P.S. I'd also like to quiet attempts to recover workers from errors to a
lower (and by default unlogged) logging level. The transition of a
worker into an error state should certainly be logged, but logging every
time we find it to still be in an error state seems to be excessive --
at least for a sparsely populated port bank use case.
Jess Holle wrote:
Jess Holle wrote:
Jess Holle wrote:
Mladen Turk wrote:
Jess Holle wrote:
Mladen Turk wrote:
Is there a means of achieving background-only (or nearly so)
testing of dead workers with mod_jk? That's what I'm looking for
in both jk and mod_proxy_ajp connectors. I guess I was
hoping/assuming it was there in mod_jk from reading the docs.

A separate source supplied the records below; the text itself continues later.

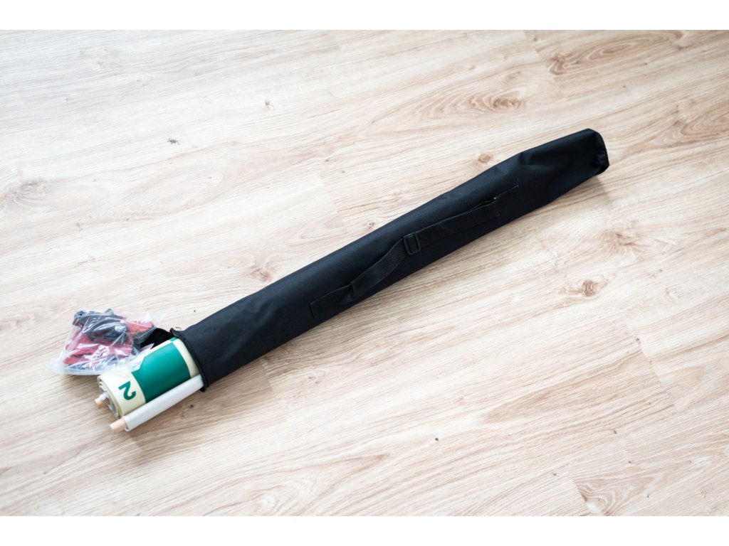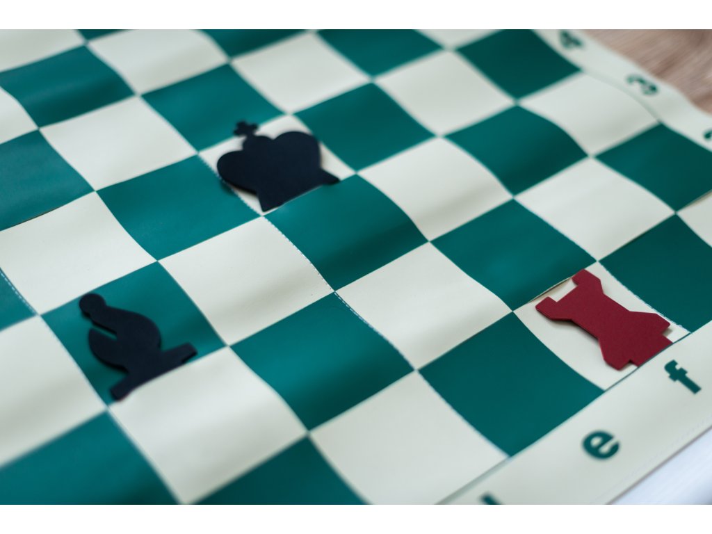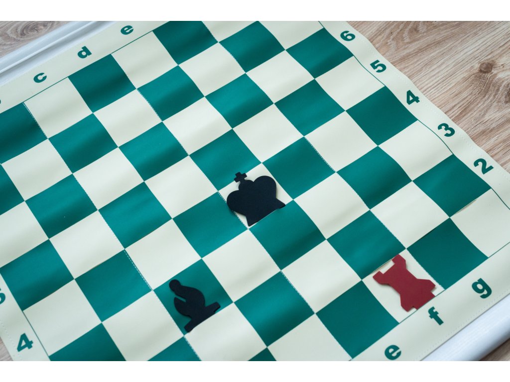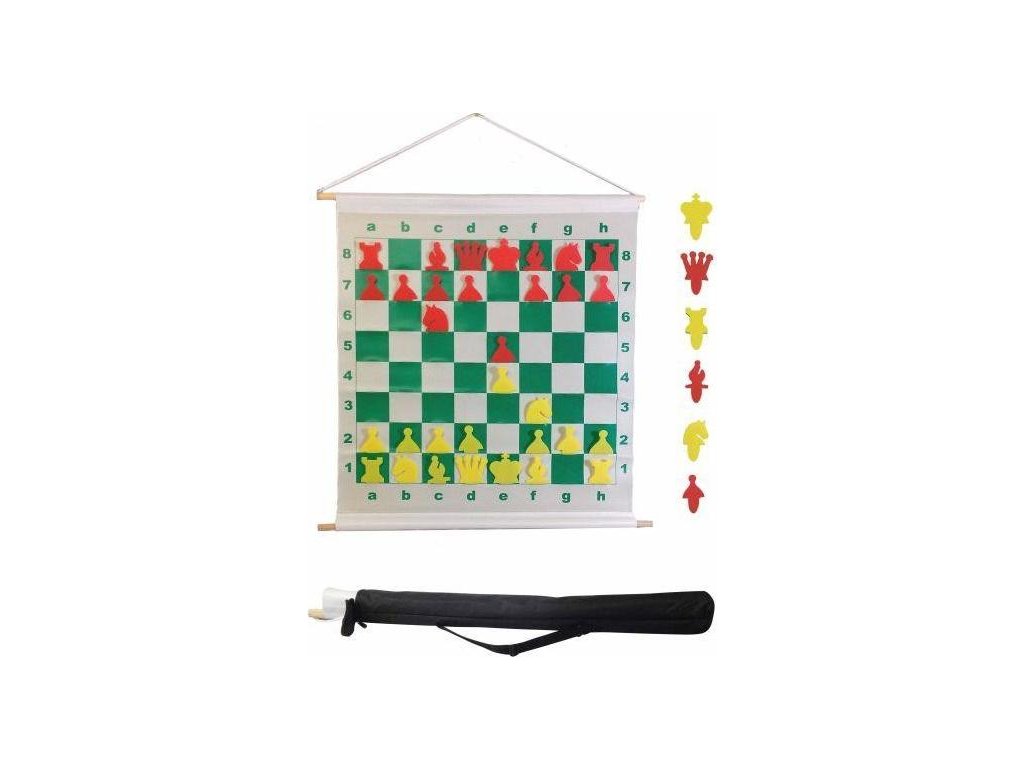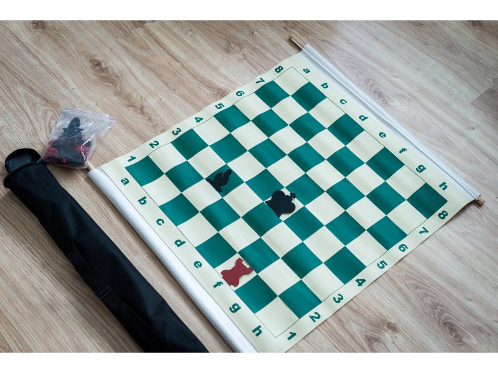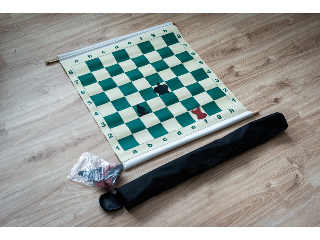 Zum Set gehört eine schwarzeTragetasche, in der das Set verpackt ist und das Demoschachbrett praktisch zu transportieren ist.
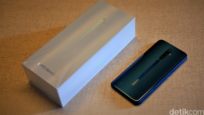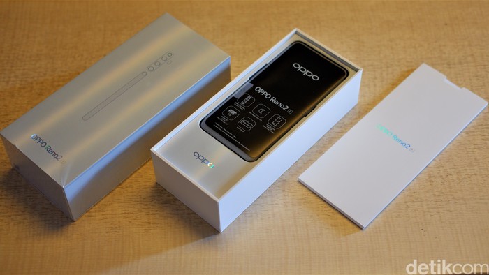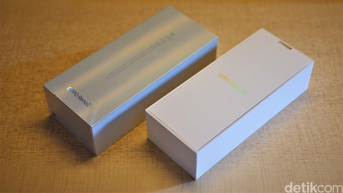 Seperti jajaran ponsel lain Oppo, kotak kemasan Reno2 F dibuat panjang. Foto: Adi Fida Rahman/detikINET
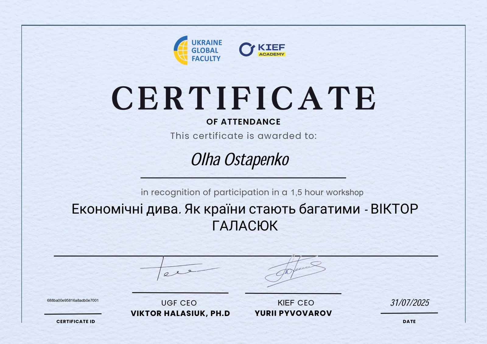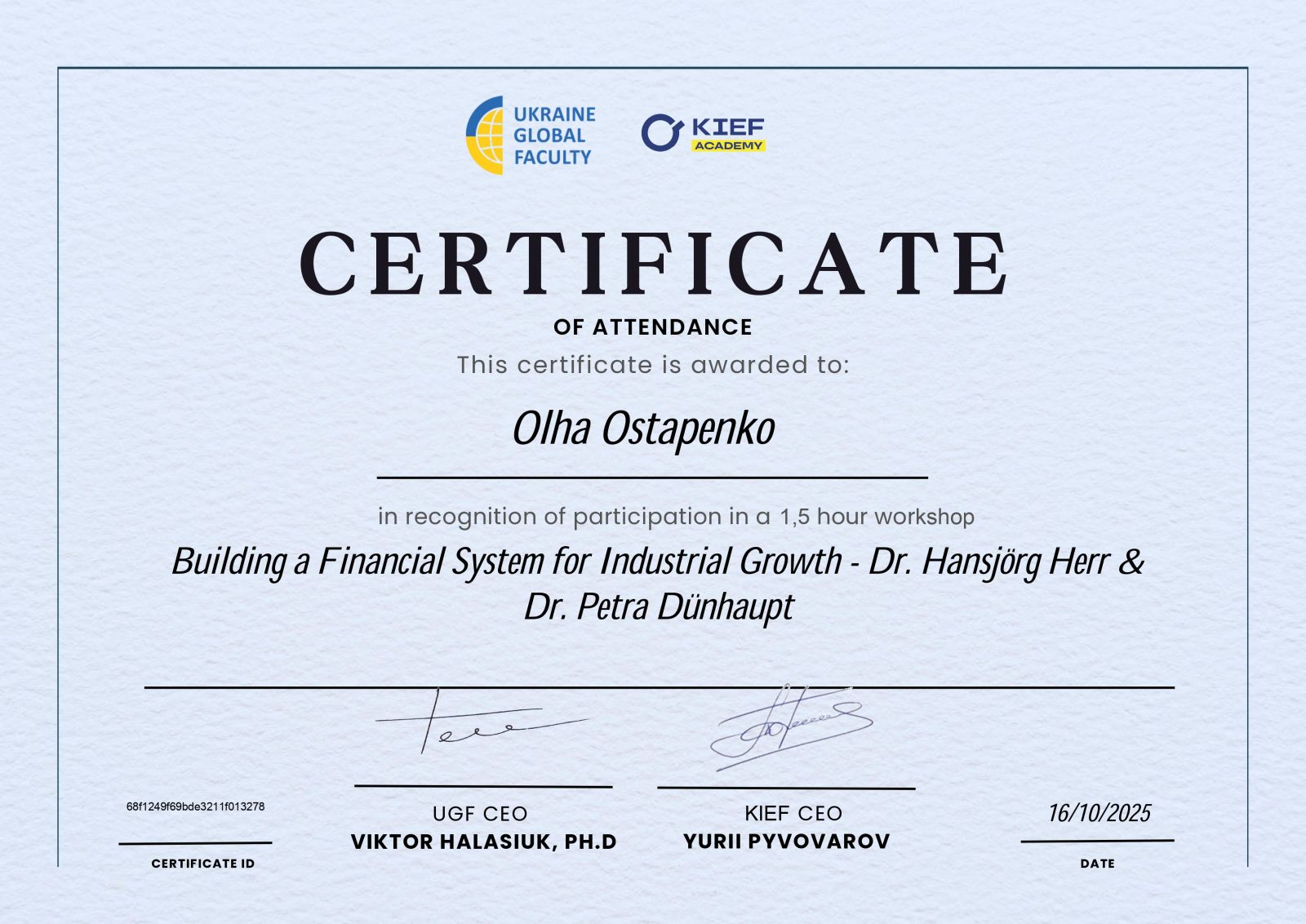 Протягом березня-липня 2025 року брала участь у проєкті «Економічне навчання для підприємств, постраждалих від війни в Україні», що проводився за підтримки Міністерства закордонних справ Нідерландів у рамках програми зовнішньої політики розвитку Нідерландів, що фінансується програмою розвитку приватного сектору Агентства з питань підприємництва Нідерландів (RVO.nl). Проєкт реалізовано Академією КМІФ (ГО «Київський міжнародний економічний форум») на платформі Ukraine Global Faculty під егідою Міністерства економіки України та спрямований на зміцнення стійкості, відновлення та розвитку малих та середніх підприємств в Україні. Провідні світові та українські експерти провели 36 лекцій та семінарів, що охоплюють економіку, системне мислення, стратегію, штучний інтелект, фандрейзинг, кризове управління, бережливе виробництво, PR тощо. За результатами навчання отримано сертифікат.

There is in the mod_jk (SVN trunk).
I've been reading this code now...
The watchdog thread looks very useful. If I understand it correctly,
the watchdog thread can do whatever it feels like but currently
mainly calls wc_maintain, which will only do work at most every
worker.maintain seconds, right?
connection_keepalive does not look like it really my bill, though.

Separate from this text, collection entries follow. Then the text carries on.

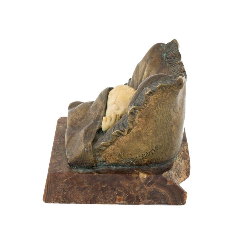crisoelefantina in bronzo raffigurante la parte superiore di un letto in cui riposa un bimbo di cui sporge unicamente il volto in avorio. Basso supporto in marmo con piccola mancanza ad un angolo. Firmato Lequesne.
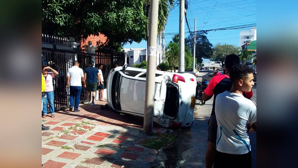 Trascendió que un vehículo, marca Logan, transitaba por la calle 85 y tras volarse la escuadra, impactó la parte trasera de otro carro, ocasionando el volcamiento de este y heridas a la mujer que conducía, según reportaron usuarios a la línea de Wasapea a EL HERALDO.
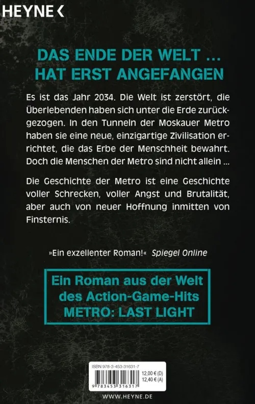 Wir schreiben das Jahr 2034. Nach einem verheerenden Krieg liegen weite Teile der Welt in Schutt und Asche. Auch Moskau ist eine Geisterstadt. Die Überlebenden haben sich in die Tiefen des U-Bahn-Netzes zurückgezogen und dort eine neue Zivilisation errichtet. Eine Zivilisation, wie es sie noch nie zuvor gegeben hat . . .
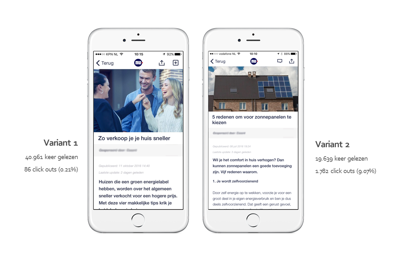 Het zit hem namelijk in nuances. Details. Niet alleen of de content kwalitatief hoogwaardig is en ‘blend’ met de overige content, maar spreekt de kop ook aan? Pakt het beeld? Is de invalshoek verrassend en toegespitst op de doelstelling (zie voorbeeld hieronder: brede awareness versus conversie naar adviesgesprek)? Maar bovenal weet je de verwachtingen van de doelgroep op de juiste manier te managen? Of voelt hij zich in het ootje genomen? Naast de ‘messaging’ is de context als tijd, locatie, platform, besturingssysteem, positie binnen het platform, et cetera. belangrijk om het verhaal zo goed mogelijk op af te stemmen. Waar bevindt de doelgroep zich op het platform? Wat is zijn/haar navigatiepad? Op welk moment is de doelgroep ontvankelijk voor mijn verhaal? Hoeveel tijd heeft hij/zij?
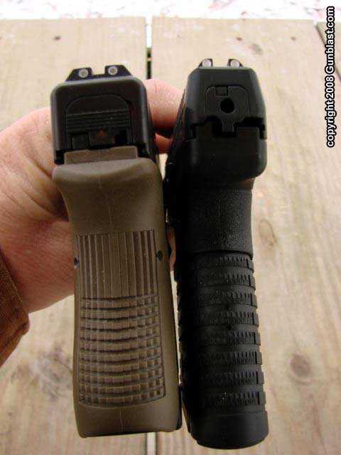 Короткая рукоятка пистолета дает упор только для двух пальцев. Для компенсации этого рукоятка снабжена передними и боковыми выемками под пальцы.

I'm most worried about workers in an error state and ensuring that
they are rechecked every recover_wait_time -- but only by the
watchdog thread and ideally via a ping/pong. Currently
recover_workers appears to just put workers into a recovery state
where they'll be elligible to be tried again on a future request --
without checking whether the worker is actually accessible. That's
fine for some use cases, but explicitly what I want to avoid.
Are there any thoughts to have an option to have recover_workers() do
a ping prior to returning a working to a non-error state?
And, yes, a watchdog thread in mod_proxy_balancer /and /a reasonable
means of balancer invoking a ping via mod_proxy_ajp would be really
helpful as far as mod_proxy_ajp is concerned.
Another possibly simpler alternative: we could introduce a limit as to
how many workers we attempt to do (unforced) recoveries on for any
given request. Any request could likely tolerate a recovery attempt
or two. None should have to tolerate 6-12 recovery attempts just
because of a currently sparsely populated port range.
Thoughts?
--
Jess Holle